Prometheus AlertManager Integration

Example AlertManager configuration for NexStorage:

groups:
- name: nexstorage-alerts
  rules:
  - alert: NexStorageHighCPUUsage
    expr: avg(system_cpu_usage{job="nexstorage"}) > 80
    for: 5m
    labels:
      severity: warning
    annotations:
      summary: "High CPU usage on NexStorage"
      description: "NexStorage system CPU usage is above 80% for 5 minutes"

  - alert: NexStorageLowDiskSpace
    expr: system_disk_free_bytes{job="nexstorage"} < 100 * 1024 * 1024 * 1024
    for: 10m
    labels:
      severity: critical
    annotations:
      summary: "Low disk space on NexStorage"
      description: "NexStorage has less than 100GB free disk space"
  
  - alert: NexStorageHighErrorRate
    expr: rate(performance_requests_error{job="nexstorage"}[5m]) > 10
    for: 5m
    labels:
      severity: critical
    annotations:
      summary: "High error rate on NexStorage"
      description: "NexStorage API error rate is above 10 per second"

PagerDuty Integration

Configure PagerDuty integration for critical alerts:

# Set up PagerDuty integration
nexstorage-admin alert integration create \
  --type "pagerduty" \
  --name "nexstorage-pagerduty" \
  --config "routing_key=YOUR_PAGERDUTY_KEY"

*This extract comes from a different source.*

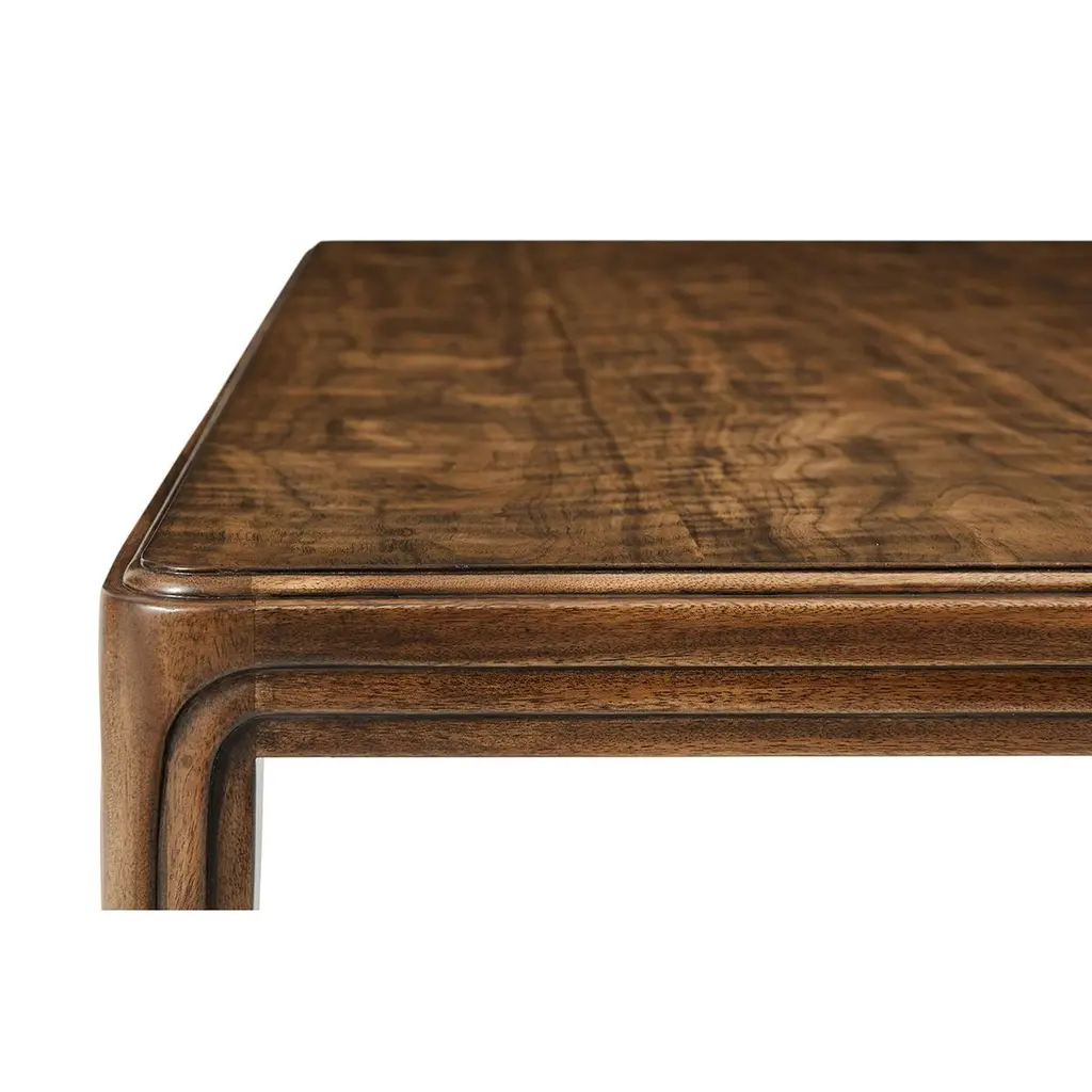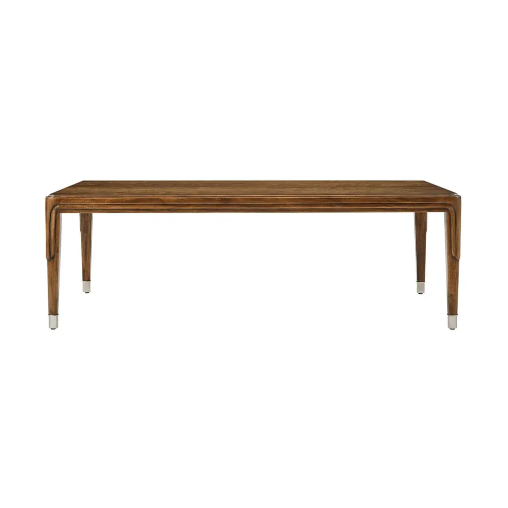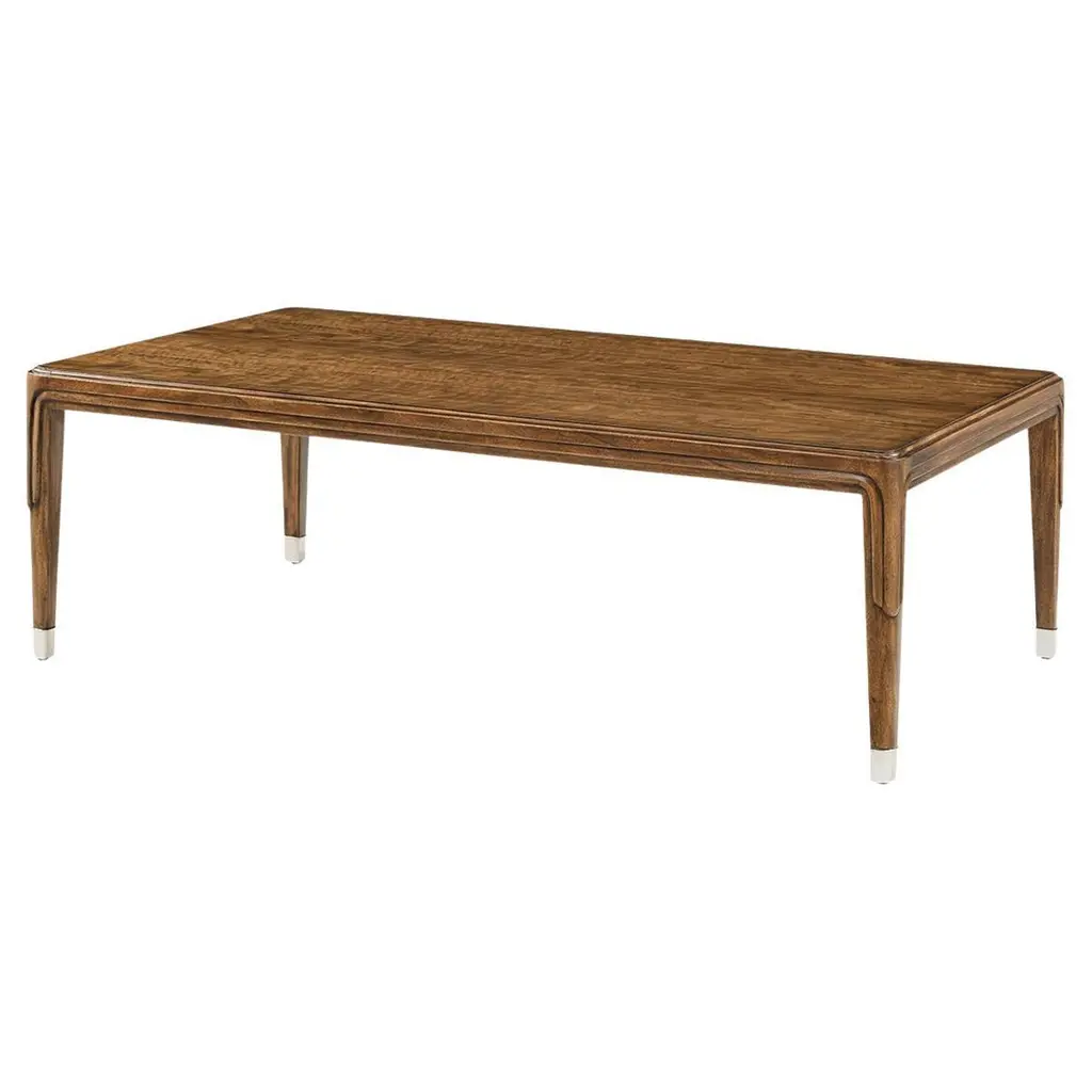 Showcasing a refined silhouette with tapered legs and subtle inset detailing, this table exudes early 20th-century elegance. The warm wood grain enhances its luxurious appeal, while nickel-capped feet add a modern touch, blending Art Deco charm with contemporary refinement.Designed to elevate any living space, this coffee table is both a statement piece and a functional centerpiece. Its exquisite craftsmanship makes it perfect for traditional and modern interiors alike, offering a balance of artistry and practicality.Dimensions: 54" W x 32" D x 17½" H
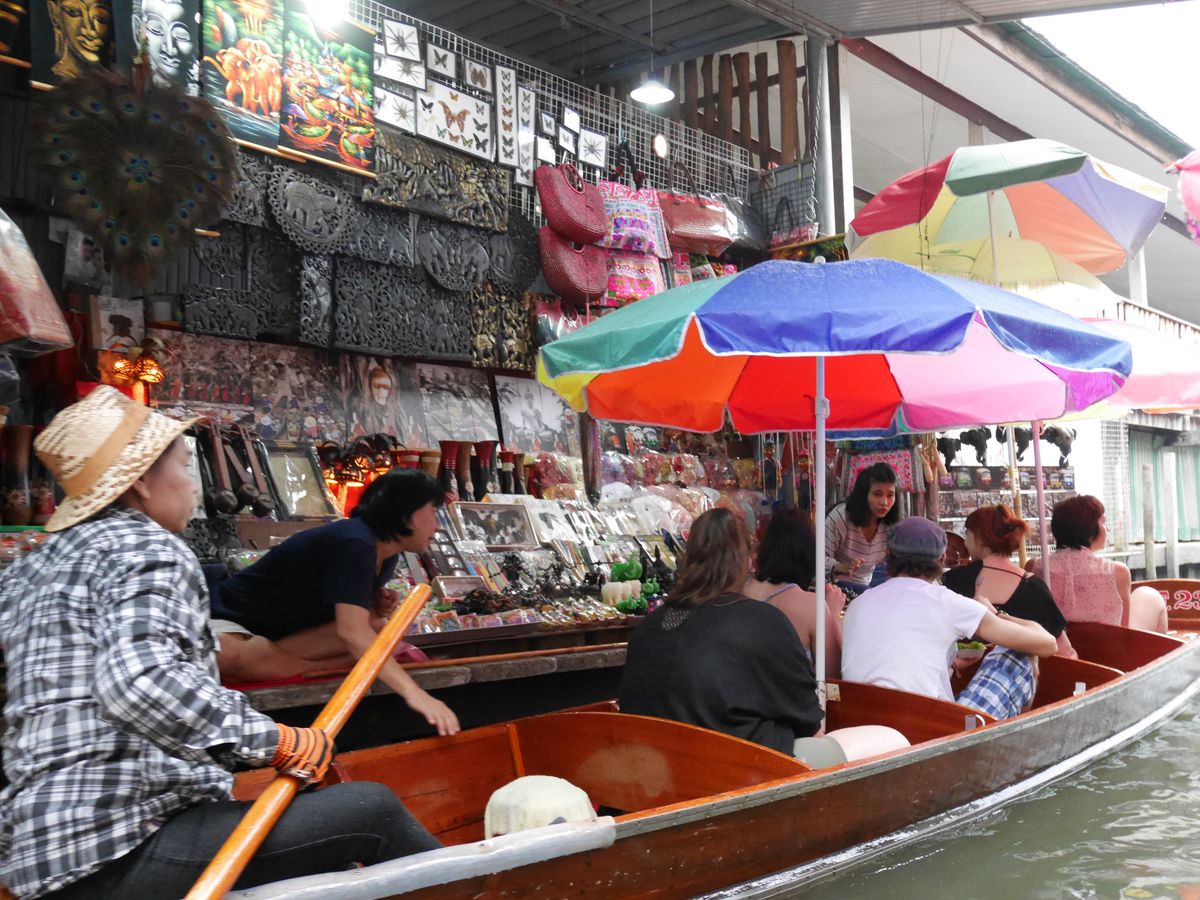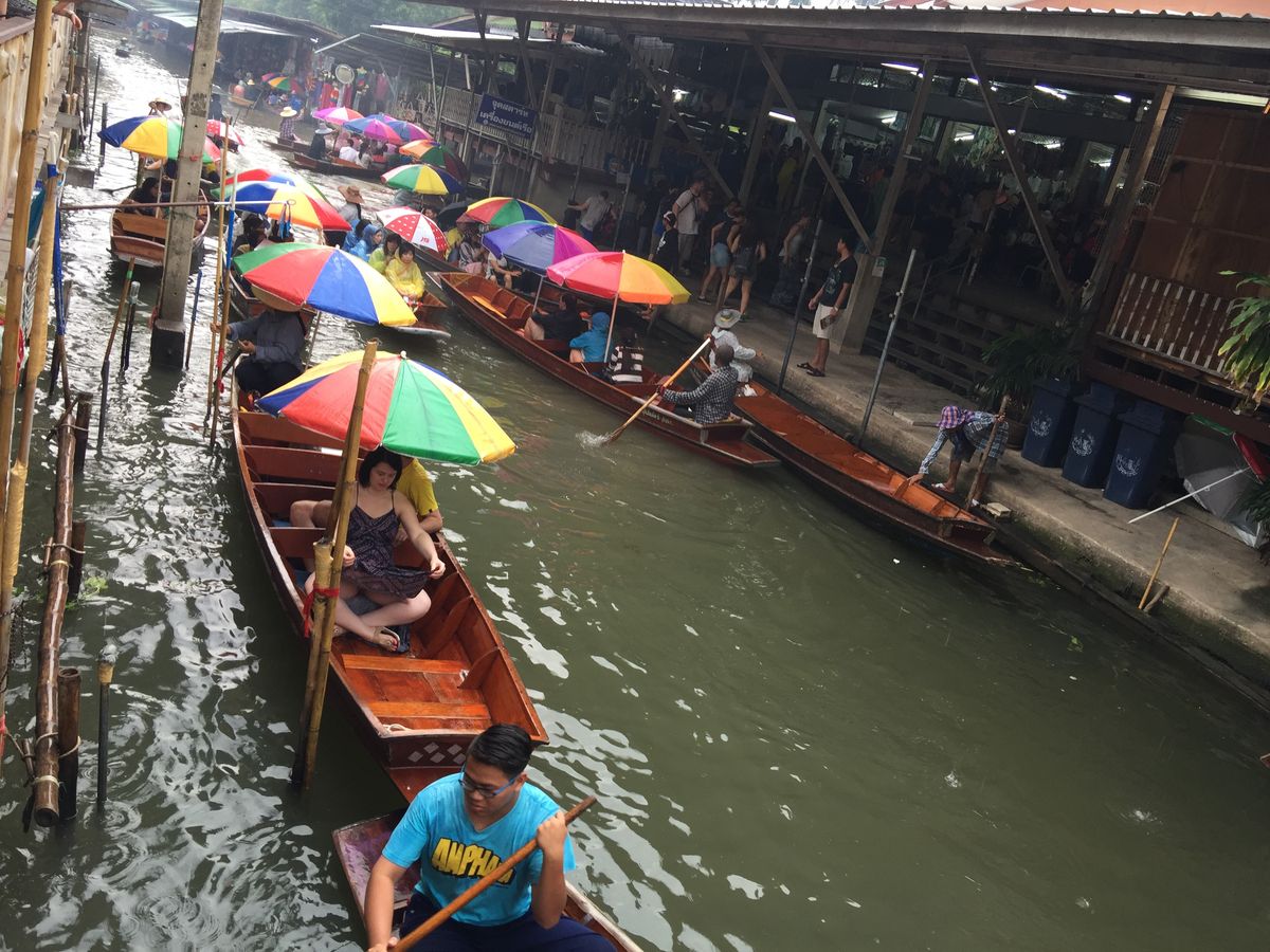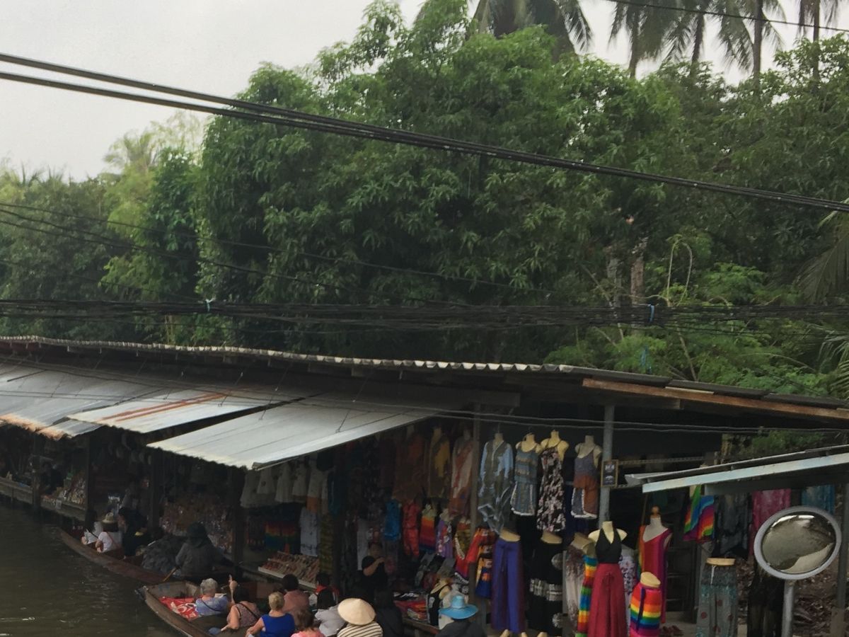 最初はお土産屋さんに寄り、その後水上マーケット。あいにく雨で、天気は悪かったのですが水上マーケットのボートには傘が付いているのでそんなに気にならなかったです。最後に象に乗りに行きました。水の中にも入ってくれてとても楽しかったです。

# Create alert using the PagerDuty integration
nexstorage-admin alert create \
  --name "node-failure" \
  --condition "system.nodes.online < system.nodes.total" \
  --severity "critical" \
  --message "Node failure detected" \
  --targets "pagerduty:nexstorage-pagerduty"

Usage Analytics

NexStorage provides comprehensive usage analytics to help you understand how your storage is being utilized and optimize costs.

Access Logs Analysis

Enable detailed access logs for analytics:

# Enable access logs
nexstorage-admin config set log.access.enabled true
nexstorage-admin config set log.access.destination "file"
nexstorage-admin config set log.access.file.path "/var/log/nexstorage/access.log"

Example access log entry:

2023-06-15T14:32:45.123Z - 192.168.1.100 - TXID:a1b2c3d4 - "GET /my-bucket/image.jpg" 200 1048576 0.235 - Mozilla/5.0 - ACCESSKEY:AKIAIOSFODNN7EXAMPLE

Usage Reports

Generate usage reports to understand storage patterns:

# Generate daily usage report
nexstorage-admin report generate \
  --type "usage" \
  --period "daily" \
  --output-format "csv" \
  --output-file "usage-report.csv"

Example report columns:

Bucket Name
Total Size (GB)
Object Count
GET Requests
PUT Requests
Bandwidth In (GB)
Bandwidth Out (GB)

Cost Allocation

Set up cost allocation tags to track usage by department or project:

# Set tags on a bucket
nexstorage-client bucket tag set \
  --bucket "marketing-assets" \
  --tags "Department=Marketing,Project=WebsiteRedesign,CostCenter=MKT-123"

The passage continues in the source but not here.